Offset free data driven control: application to a process control trainer
Author(s) -
Salvador Jose R.,
Rodriguez Ramirez Daniel,
Alamo Teodoro,
Muñoz de la Peña David
Publication year - 2019
Publication title -
iet control theory and applications
Language(s) - English
Resource type - Journals
SCImago Journal Rank - 1.059
H-Index - 108
eISSN - 1751-8652
pISSN - 1751-8644
DOI - 10.1049/iet-cta.2019.0376
Subject(s) - offset (computer science) , control theory (sociology) , computer science , trainer , tracking error , affine transformation , process (computing) , data driven , control engineering , control (management) , artificial intelligence , mathematics , engineering , programming language , operating system , pure mathematics
This work presents a data driven control strategy able to track a set point without steady‐state error. The control sequence is computed as an affine combination of past control signals, which belong to a set of trajectories stored in a process historian database. This affine combination is computed so that the variance of the tracking error is minimised.
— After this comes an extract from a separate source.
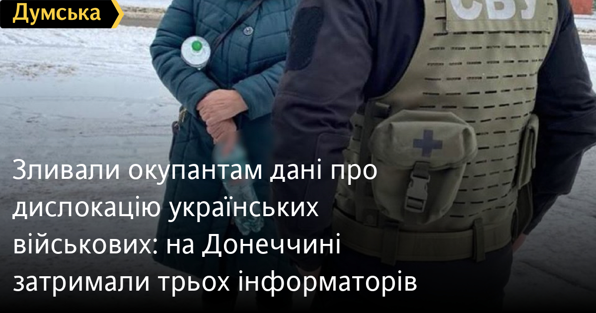 Трьох мешканців Донецької області, які передавали російським окупантам інформацію про місцезнаходження і переміщення українських військових, затримали правоохоронці.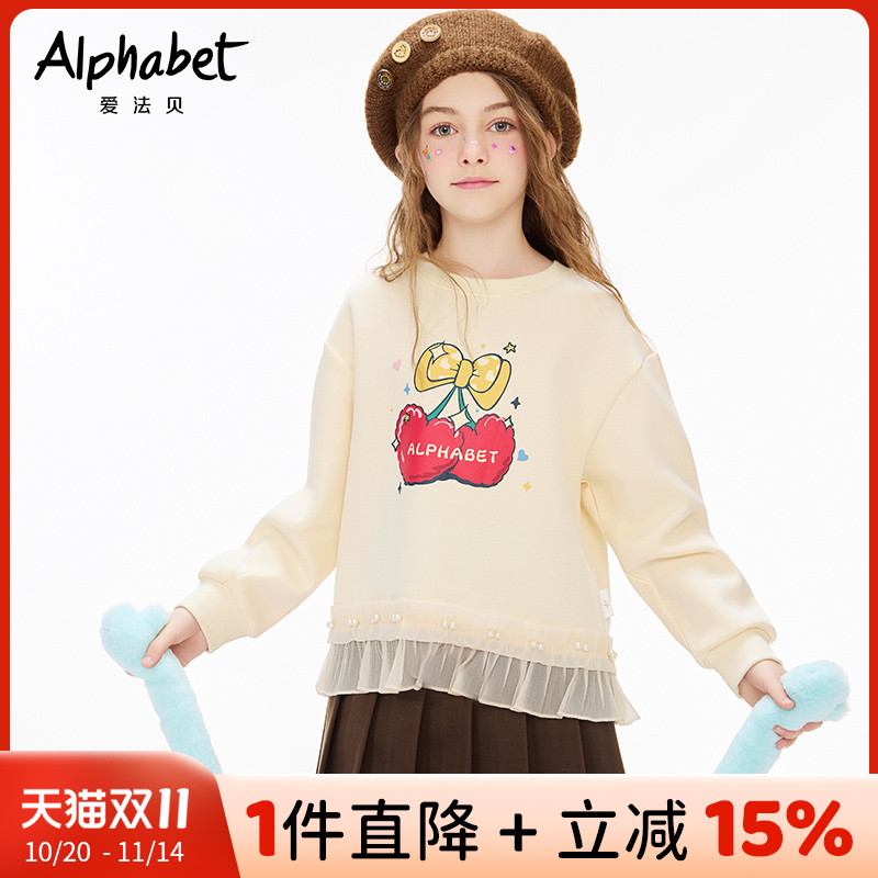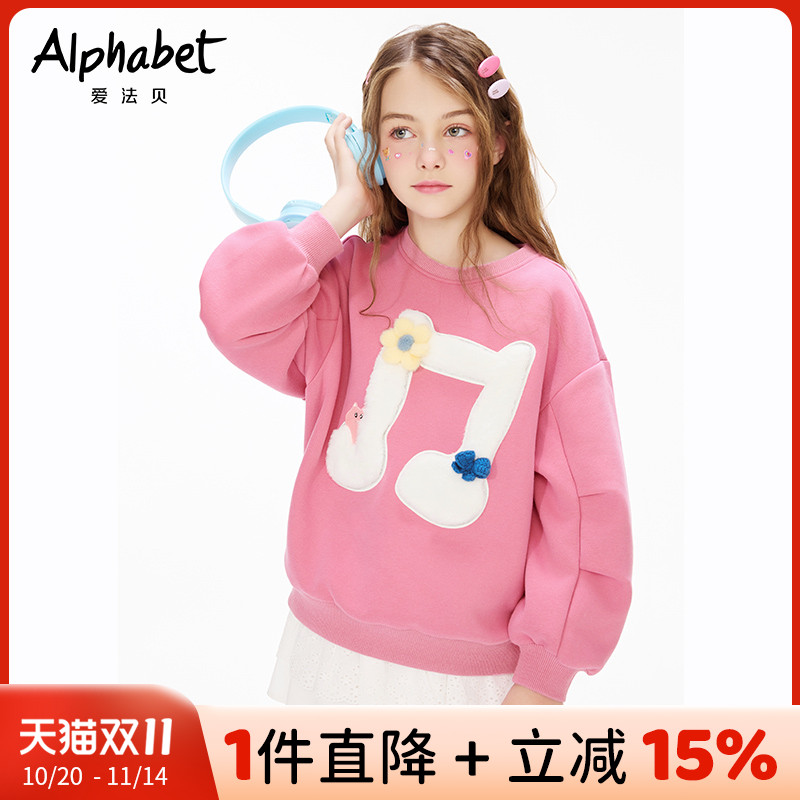 爱法贝2025秋新款女童卫衣儿童套头衫中大童学生甜美洋气圆领上衣

It is shown that offset free control, that is zero mean tracking error, is achieved under the assumption that the state is measurable, the underlying dynamics are linear and the trajectories of the database share the same error dynamics and are in turn offset free. The proposed strategy learns the underlying controller stored in the database while maintaining its offset free tracking capability in spite of differences in the reference, disturbances and operating conditions. No training phase is required and newly obtained process data can be easily taken into account. The proposed strategy, related to direct weight optimisation learning techniques, is tested on a process control trainer.